-- EXERCISE MATERIAL follows --

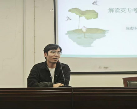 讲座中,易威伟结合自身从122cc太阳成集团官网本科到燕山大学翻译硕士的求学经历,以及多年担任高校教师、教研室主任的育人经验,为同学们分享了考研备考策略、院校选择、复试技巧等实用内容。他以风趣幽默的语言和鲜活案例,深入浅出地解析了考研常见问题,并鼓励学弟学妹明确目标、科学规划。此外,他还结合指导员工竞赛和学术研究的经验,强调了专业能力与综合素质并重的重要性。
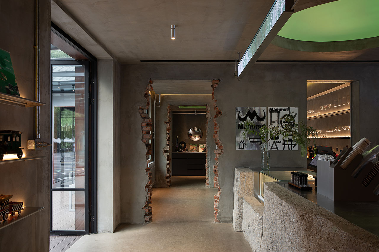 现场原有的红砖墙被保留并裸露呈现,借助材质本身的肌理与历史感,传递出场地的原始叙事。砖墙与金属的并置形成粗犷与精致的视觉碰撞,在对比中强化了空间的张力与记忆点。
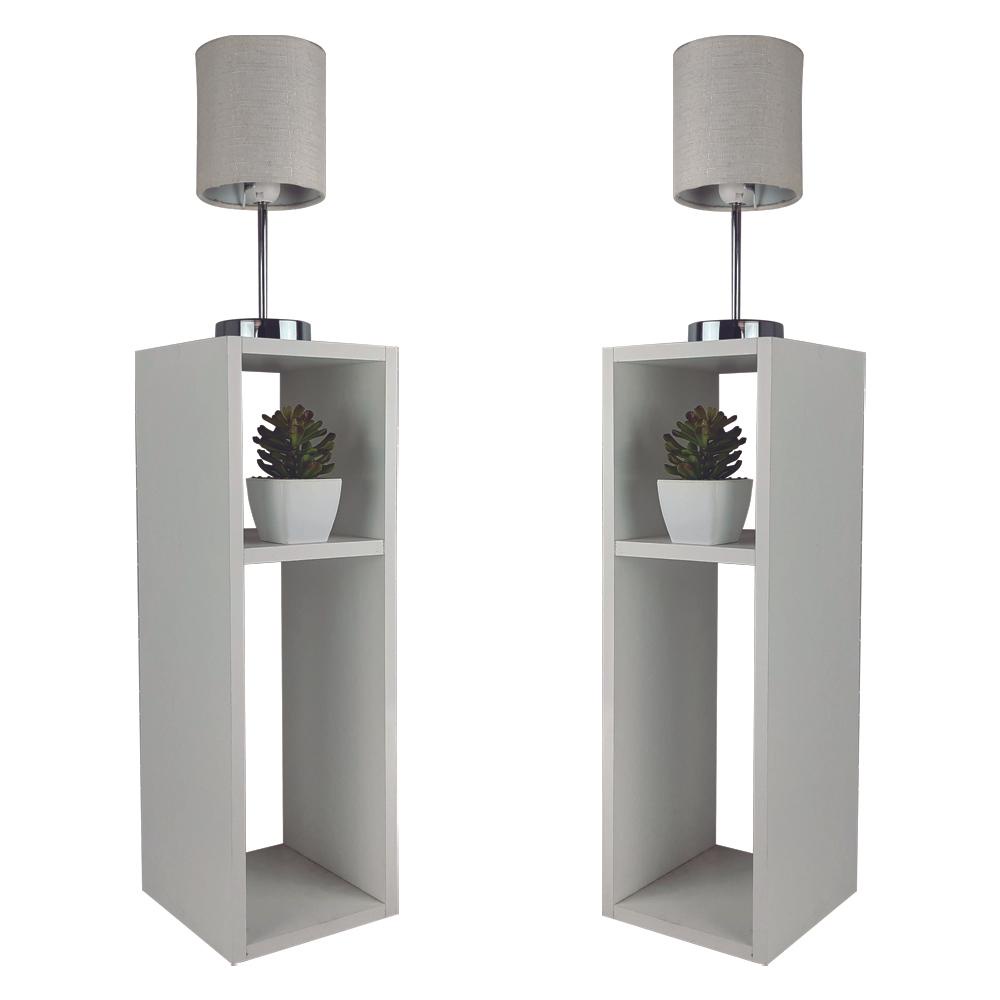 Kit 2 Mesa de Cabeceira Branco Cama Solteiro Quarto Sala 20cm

-- EXERCISE MATERIAL concluded --
-- EXERCISE MATERIAL follows --

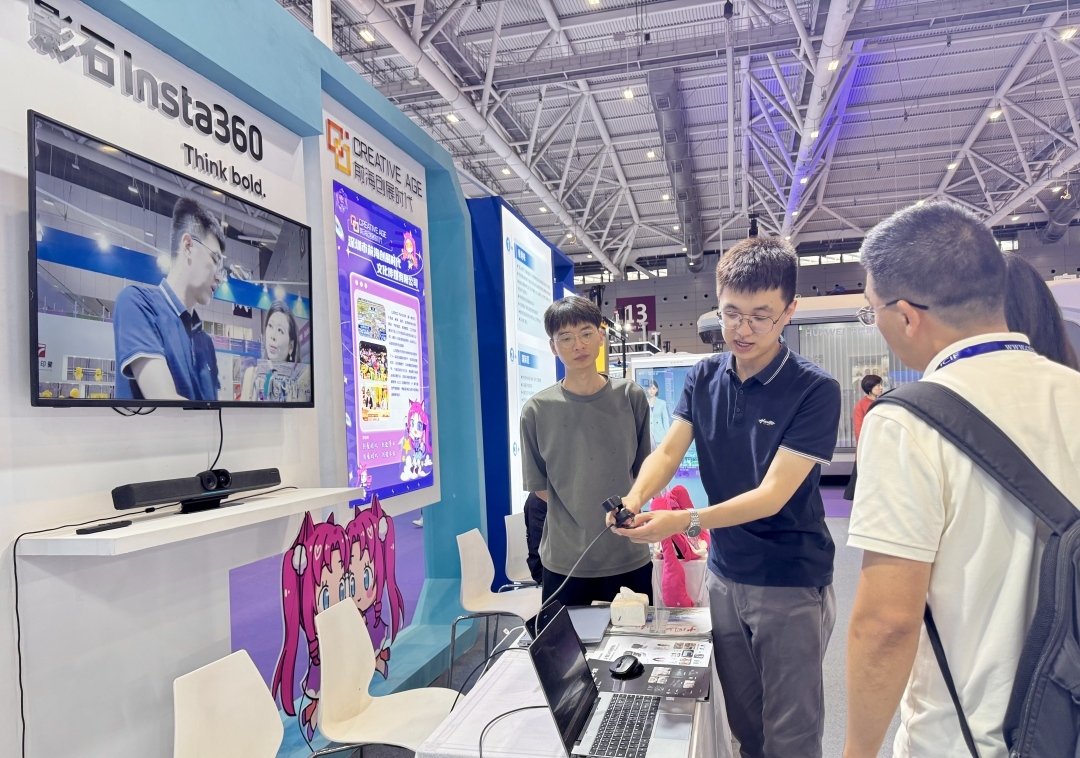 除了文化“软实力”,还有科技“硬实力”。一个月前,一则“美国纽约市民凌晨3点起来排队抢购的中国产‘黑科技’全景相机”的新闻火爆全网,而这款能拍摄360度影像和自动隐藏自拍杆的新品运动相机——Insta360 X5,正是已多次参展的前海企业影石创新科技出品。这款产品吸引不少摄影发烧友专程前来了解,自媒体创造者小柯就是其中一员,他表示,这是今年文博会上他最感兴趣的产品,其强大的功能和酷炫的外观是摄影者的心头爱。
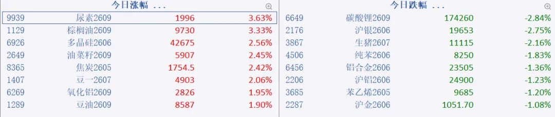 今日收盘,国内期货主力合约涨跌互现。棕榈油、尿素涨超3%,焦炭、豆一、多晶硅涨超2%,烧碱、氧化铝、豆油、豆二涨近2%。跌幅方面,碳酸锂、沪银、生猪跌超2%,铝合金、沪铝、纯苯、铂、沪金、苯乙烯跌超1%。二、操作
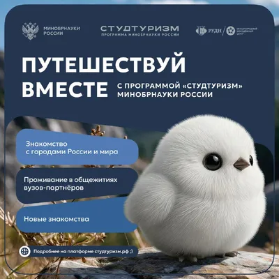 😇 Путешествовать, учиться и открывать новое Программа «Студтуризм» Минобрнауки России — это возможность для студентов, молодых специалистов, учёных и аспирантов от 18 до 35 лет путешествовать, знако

-- EXERCISE MATERIAL concluded --

• **PROMPT**
Transcribe exactly the lines above, beginning at the one with "讲座中,易威伟结合自身从12" and going up to and including the one with "Kit 2 Mesa de". Pictures do not belong in the copy.

• **EXERCISE SOLUTION**
 讲座中,易威伟结合自身从122cc太阳成集团官网本科到燕山大学翻译硕士的求学经历,以及多年担任高校教师、教研室主任的育人经验,为同学们分享了考研备考策略、院校选择、复试技巧等实用内容。他以风趣幽默的语言和鲜活案例,深入浅出地解析了考研常见问题,并鼓励学弟学妹明确目标、科学规划。此外,他还结合指导员工竞赛和学术研究的经验,强调了专业能力与综合素质并重的重要性。
 现场原有的红砖墙被保留并裸露呈现,借助材质本身的肌理与历史感,传递出场地的原始叙事。砖墙与金属的并置形成粗犷与精致的视觉碰撞,在对比中强化了空间的张力与记忆点。
 Kit 2 Mesa de Cabeceira Branco Cama Solteiro Quarto Sala 20cm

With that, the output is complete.